Work Hours
Everyday: 北京时间8:00 - 23:59
Assignment1
Introduction
This is a random sample of DATA2X02 students. Because the data of 211 students was chosen out of the class of 700+ students.
The potential bias is Non-response bias (Delighted team, 2019). Variables such as favorite social media platform, non-spam emails number, entry salary of data scientist are likely to be subjected to this bias. Because they require subjectively entered answers, students are more likely to skip these questions comparing to multiple choice questions.
Some questions needed improvement to generate useful data:
- How tall are you? The unit need to be the same. For instance, centimeter.
- Gender. The spelling needs to be consistent. For example, Female, and Male.
- Entry salary of a data scientist. Also, the unit need to be consistent like x AUD per year.
Results
The number of COVID tests a student has taken in the past two months does not follow a poisson distribution.
A dispersion test, which relies on the fact that the Poisson distribution’s mean is equal to its variance (Allan, 2020), was applied to the data. The p value <0.05 allows me to reject the null hypothesis that COVID test number are Poisson distributed.Code
## Dispersion test of count data:
## 211 data points.
## Mean: 1.014218
## Variance: 3.661702
## Probability of being drawn from Poisson distribution: 0
Q1. Is the students’ average R coding ability level lower than 6?
Motivation: I feel a bit difficult to study DATA2002. So I would like to know whether the class’s average R coding ability is less than 6 or not.Code

Null Hypothesis: The average R coding ability level is 6.
Alternative Hypothesis: The average R coding ability level is less than 6.Code
##
## One Sample t-test
##
## data: x
## t = -8.8144, df = 209, p-value = 2.363e-16
## alternative hypothesis: true mean is less than 6
## 95 percent confidence interval:
## -Inf 5.141008
## sample estimates:
## mean of x
## 4.942857
Using directional one sample T-testing, from the result, a small p-value (<0.05) indicates strong evidence against the null hypothesis. So it is rejected and the alternative hypothesis is accepted, which means the class’s average R coding ability is less than 6 (on a scale from 0 to 10).
Q2. Does stressed level has correlation with loneliness level?
Motivation: I think people who feel lonely are easier to be stressed. So I would like to find some evidence to prove this opinion.
The following figure is a smooth scatter plot of two variables: loneliness level, and stressed level. In the original dataset, there are some NA values in these variables. So I filled the NA values with column’s median value to make a more accurate analysis. From the plot, We can find that there is a pattern that higher loneliness level results in higher stressed level.Code

Null hypothesis: Stressed level has no correlation with loneliness level.

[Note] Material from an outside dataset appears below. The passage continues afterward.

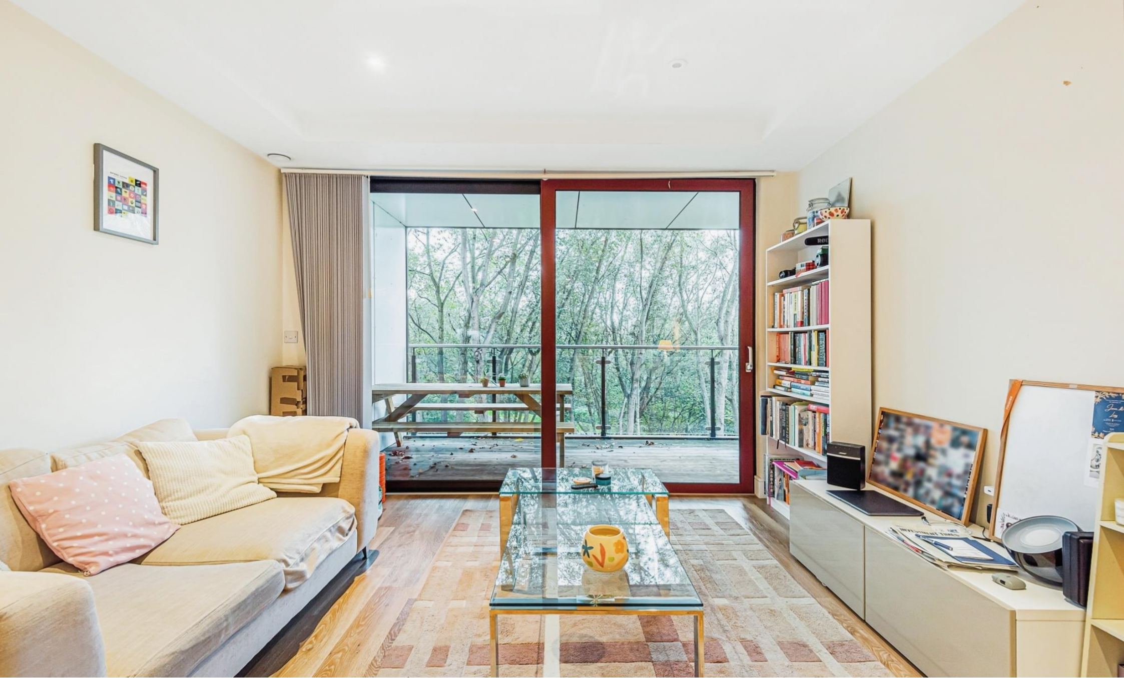
George View House, Knaresborough Drive, London SW18 4GT

Alternative hypothesis: Stressed level has positive or negative correlation with loneliness level.Code
##
## Pearson's product-moment correlation
##
## data: loneliness and stressed
## t = 4.5979, df = 209, p-value = 7.386e-06
## alternative hypothesis: true correlation is not equal to 0
## 95 percent confidence interval:
## 0.1751852 0.4209196
## sample estimates:
## cor
## 0.3030822
Using test for association/correlation between paired samples, since p value < 0.05, we should take the alternative hypothesis. Also, we can find the correlation coefficient is 0.3. Therefore, stressed level has a positive relationship with loneliness level.

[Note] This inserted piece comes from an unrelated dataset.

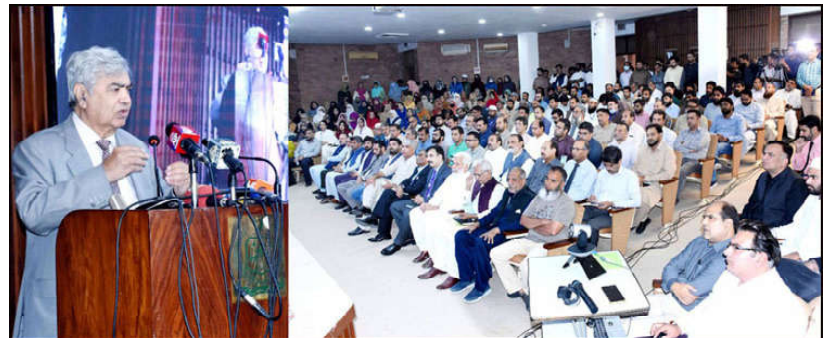
Caretaker Minister for National Food Security and Research Dr. Kausar Abdullah Malik is addressing a workshop on Climate-Resilient High Yielding and Quality Rice Development at National Agriculture Research Centre (NARC), Islamabad.

Similarly, fiscal performance remains satisfactory at the start of FY2024. It is expected that the economic revival plan and prudent actions - policies including SIFC and IT policy - will attract new investments to create a multiplier effect in the economy for higher and inclusive economic growth in FY2024 and further in the medium term.

Q3. Do Youtube guys and Tiktok guys have the same level of loneliness?
Motivation: In my opinion, people who love Tiktok are more lonely than people who love Youtube. So I would like to find evidence from the survey data.
Before doing hypothesis testing, I did a boxplot to see loneliness level by social media platforms. Because of the mess of social media platform names, I have to do data processing at first. For example, ‘ig’, ‘insta’, ‘instgram’, and ‘instagram’ should be combined into ‘instagram’. Similarly, ‘Wechat’, ‘Weixin’, ‘Wetchat’, ‘WeChat’, etc. should be combined into ‘wechat’.

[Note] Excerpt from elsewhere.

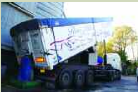
If the European Commission introduce a maximum limit for ergot alkaloids, it will be impossible to test loads on intake because there isn't a rapid test available.

“We’ve been working with our colleagues in Europe and it’s agreed that meeting the standard imposed by an alkaloid limit is practically unworkable for processors. Control of sclerotia will remain the simplest, most cost effective and timely way of protecting consumers.”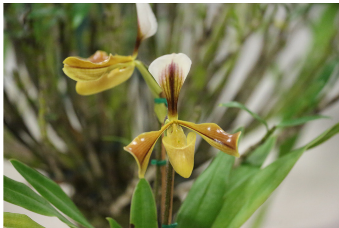
Paph. villosum - Warleiti Jap

The views stated in this bulletin are not necessarily the views of The Eastern Suburbs Orchid Society Inc. but are the views expressed by the individual authors and contributors. The Eastern Suburbs Orchid Society Inc. authors & contributors to this bulletin disclaim all liability for damage or losses which may be contributed to the use, misuse or non-use of any information or material published in this bulletin.

From the visualization, it seems that Youtube’s loneliness level is equal or less than Tiktok’s loneliness. Next, I’ll do subsetting samples in T-test.Code

Null hypothesis: People whose favorite social media platform is Yoube has the same level of loneliness with people whose favorite is Tiktok.
Alternative hypothesis: People who love Youtube has lower level of loneliness than Tiktok guys.Code
##
## Welch Two Sample t-test
##
## data: loneliness by social_media
## t = 0.17694, df = 18.243, p-value = 0.5692
## alternative hypothesis: true difference in means is less than 0
## 95 percent confidence interval:
## -Inf 2.02953
## sample estimates:
## mean in group tiktok mean in group youtube
## 5.111111 4.923077
From the result, p value > 0.05 indicates weak evidence against the null hypothesis, so we fail to reject it. Thus, people whose favorite social media platform is Youtube statistically have the same level of loneliness with people who love Tiktok.
Conclusion
In this project, we analysed survey data from DATA2X02 students, and got the following conclusions:
- The number of COVID tests a student has taken in the past two months does not follow a Poisson distribution.
- The students’ average R coding ability is less than 6 (on a scale from 0 to 10).
- The stressed level has a positive correlation with loneliness level, the Correlation coefficient is 0.3.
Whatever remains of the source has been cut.